# WHAT TO DO:
As output, give the exact lines from the one containing "Каркас, подлокотники и" through the end of the listing below, both included, without the pictures.

# THE DATA:
= = =
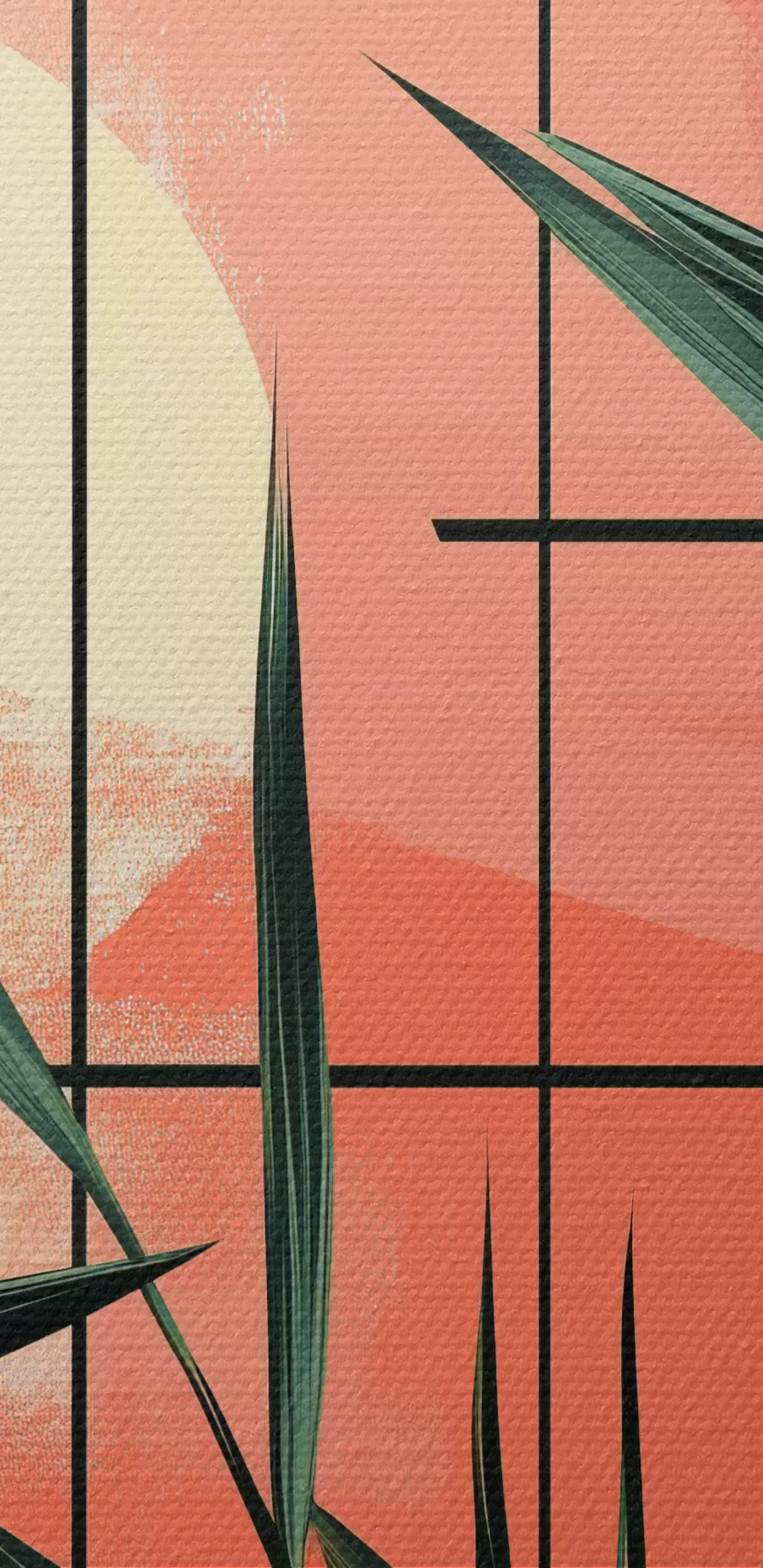 Gemälde Abstrakt mit Bambus und Sonne Art. s39898
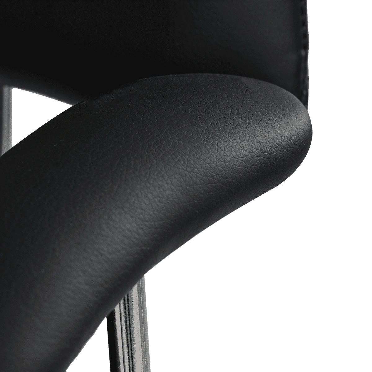 Каркас, подлокотники и ножная часть выполнены из прочной стали. Основание круглой формы имеет резиновую накладку, что предотвратит скольжение и сохранит напольное покрытие. Хромирование металлических элементов защитит от влияния коррозии и влаги.
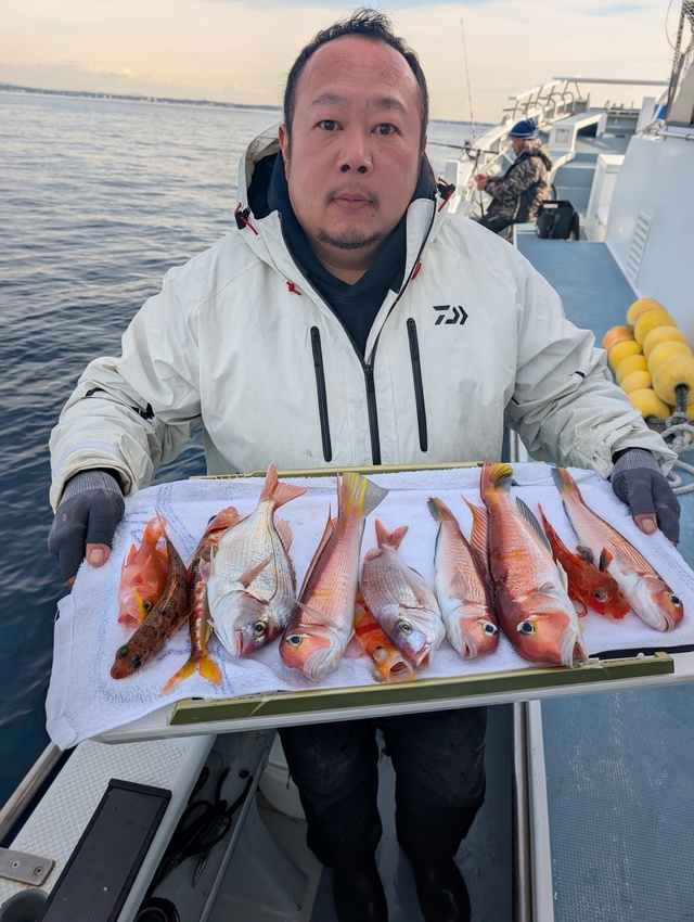 (チダイ)0.30~0.70kg 0~2匹 アマダイ 20~38cm 2~10匹 本日ご乗船の皆様お疲れ様でした 今日は少人数で※スポット・五目・アマダイ船にて出船でした 潮流れまずまずでハナダイ・アマダイ・カイワリ・イトヨリ・オキメバル・オニカサゴなど凪よくお土産できました ※次回・スポット・五目・アマダイ船は・・・15日(日)となります まだまだお座席十分余裕あります 皆様のご予約お待ちしております ★明日は※キンメ・ムツ五目船にて出船確定しております お座席十分余裕あります 当日飛び込みもOKです!! 皆様のご乗船お待ちしております
= = =
# RESULT OF THIS EXERCISE:
 Каркас, подлокотники и ножная часть выполнены из прочной стали. Основание круглой формы имеет резиновую накладку, что предотвратит скольжение и сохранит напольное покрытие. Хромирование металлических элементов защитит от влияния коррозии и влаги.
 (チダイ)0.30~0.70kg 0~2匹 アマダイ 20~38cm 2~10匹 本日ご乗船の皆様お疲れ様でした 今日は少人数で※スポット・五目・アマダイ船にて出船でした 潮流れまずまずでハナダイ・アマダイ・カイワリ・イトヨリ・オキメバル・オニカサゴなど凪よくお土産できました ※次回・スポット・五目・アマダイ船は・・・15日(日)となります まだまだお座席十分余裕あります 皆様のご予約お待ちしております ★明日は※キンメ・ムツ五目船にて出船確定しております お座席十分余裕あります 当日飛び込みもOKです!! 皆様のご乗船お待ちしております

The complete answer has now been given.